Overview:
Journal entries are used to move money between general ledger accounts. It can also be used to move money between divisions, adjust sales commissions or perform projects allocations while keeping the money in the same general ledger account.
Automatic Journal Entries:
This system sometimes creates journal entries automatically based on certain actions performed in source documents. For instance when a sales commission is allocated on a sales invoice, the system will automatically create the associated journal entry.
Manual journal entries can be used to move funds between general ledger accounts as needed.
Journal entries are typically created manually or by the system for the following reasons: to account for Expense Claims, sales commission allocations, divisional allocations, quantity adjustments, accounting adjustments and customer or supplier discounts.
In the Orax SDI system journal entries are made by allocating a specific amount between a debit and credit account. This is to ensure that the General Ledger remain balanced.
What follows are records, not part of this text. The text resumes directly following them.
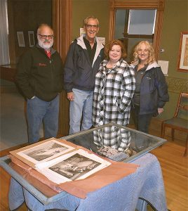 Staff photos by Clay Schuldt Wanda Gag House Association members and J & R Schguel Trucking employees teamed up to bring items belonging to Wanda Gag back to her childhood home. L to R: Lee Knauf, John Meredith, Cara Knauf and Carrie Meredith stand in front a table displaying two original lithographs drawn by Gag and her studio mirror. Below: Wanda Gag lithographs “Snowy Fields” and “Siesta” were included with Gag’s donated mirror. The two lithographs were created by Gag in 1933 and 1937 respectively.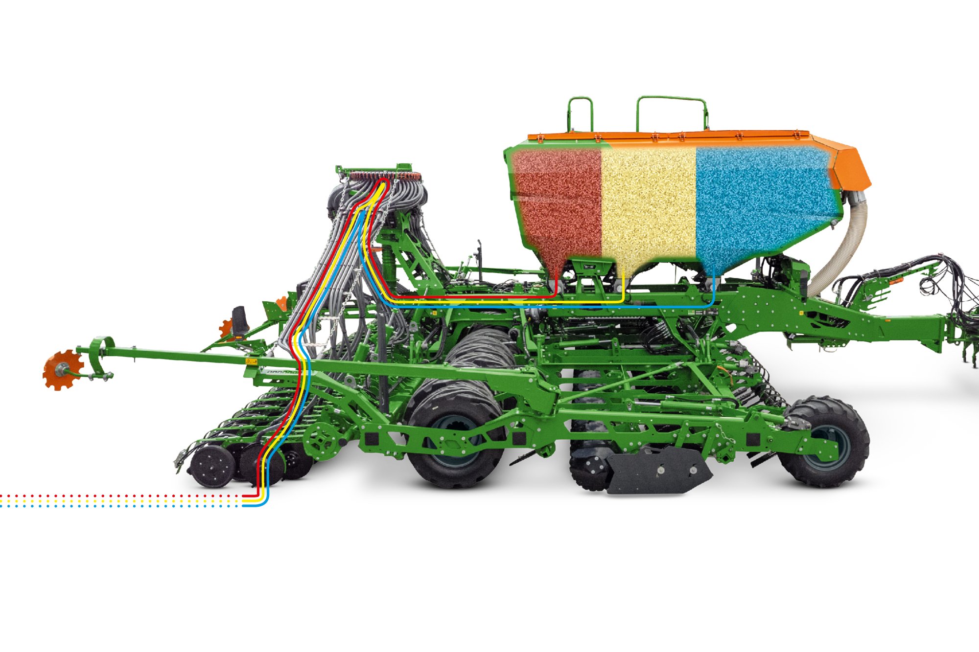 • Mehrkammerbehälter mit bis zu 3 Kammern für verschiedene Saatgüter und Dünger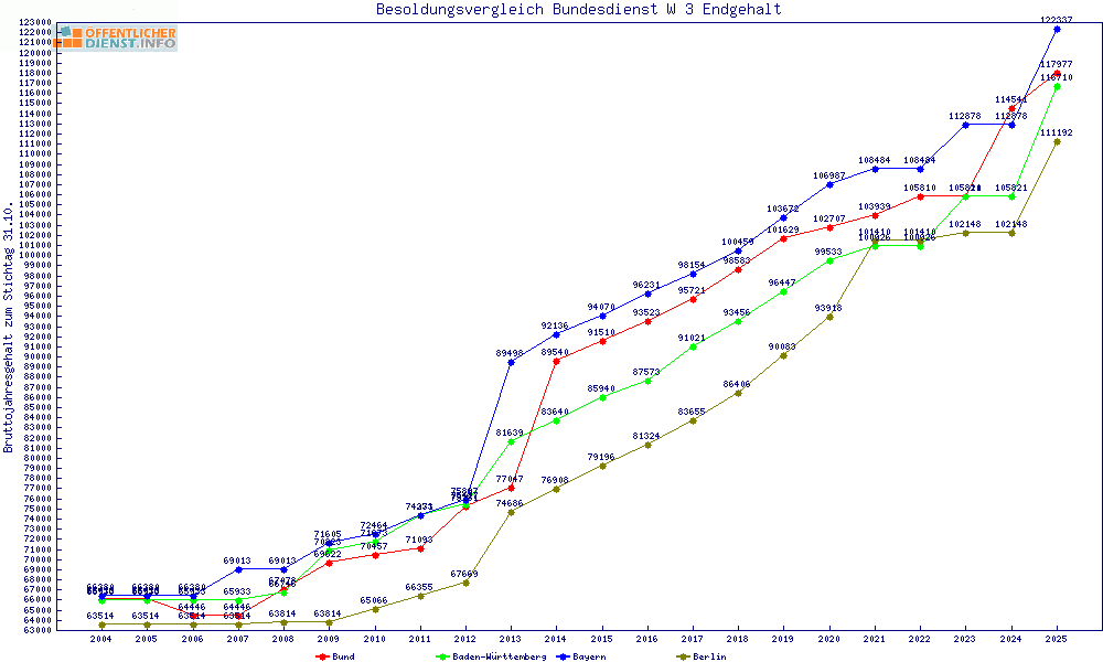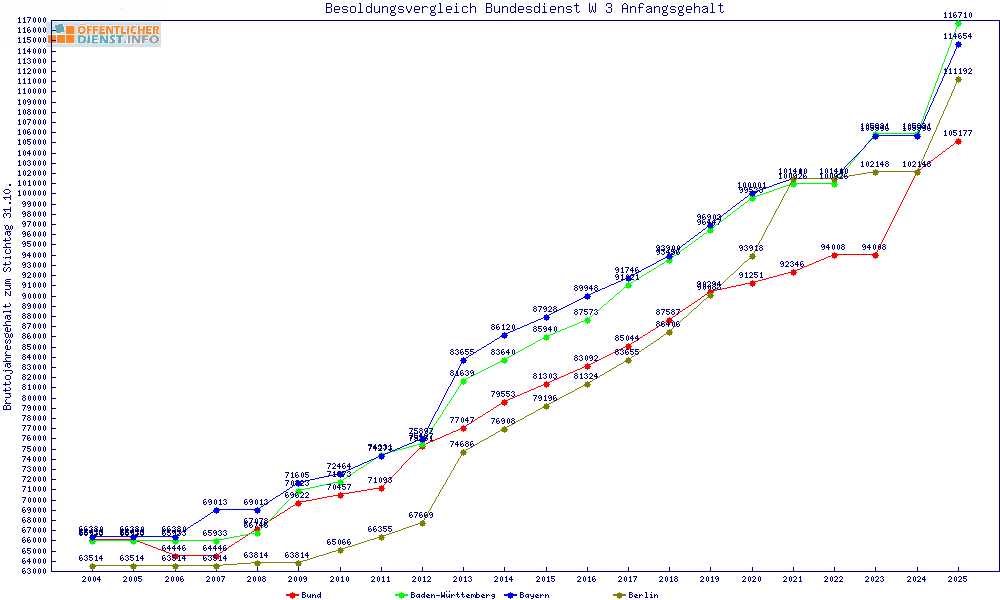 | Besoldungsvergleich W 3 im Jahr 2025 | Anfangsgehalt | ||||||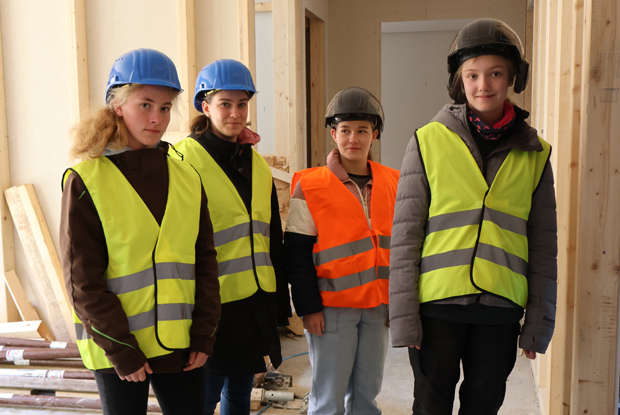 Auf der Baustelle waren auch die vier „Girls“, die den Aktionstag bei Holzvogel GmbH im unterfränkischen Theres zubrachten – doch das war erst die dritte Station, die die Teenager an dem Tag zu absolvieren hatten. Zuvor gab es Einblicke in die Tätigkeiten der Abteilung für Bauzeichnung und Planung.  Das vermeintliche Highlight fand jedoch gleich zu Beginn statt: Nach einem Rundgang über das gesamte Gelände konnten die 12- bis 14-Jährigen in der Produktion selbst aktiv werden und ein eigenes Vogelhäuschen bauen. Bei allen Tätigkeiten stand eines immer an erster Stelle: der Spaß.

Should a transaction require multiple allocations, you will have to create more than one journal entry.
After changes has been made to the journals, it is required to post the changes to the general ledger before seeing the effect in the trial balance.
The Journals tab provide 2 specific divisional allocation functions.
The first is called "Division Movements". These are journal entries that will create a once-off movement of funds between 2 divisions without moving the money out of the applicable general ledger account.
The second option is called "Division Allocations". These are configurations that will automatically create journal entries each month in the general ledger in order to move funds between divisions on a recurring basis. These are handy when you allocate a certain portion of an expense or revenue to a specific division for budgeting purposes.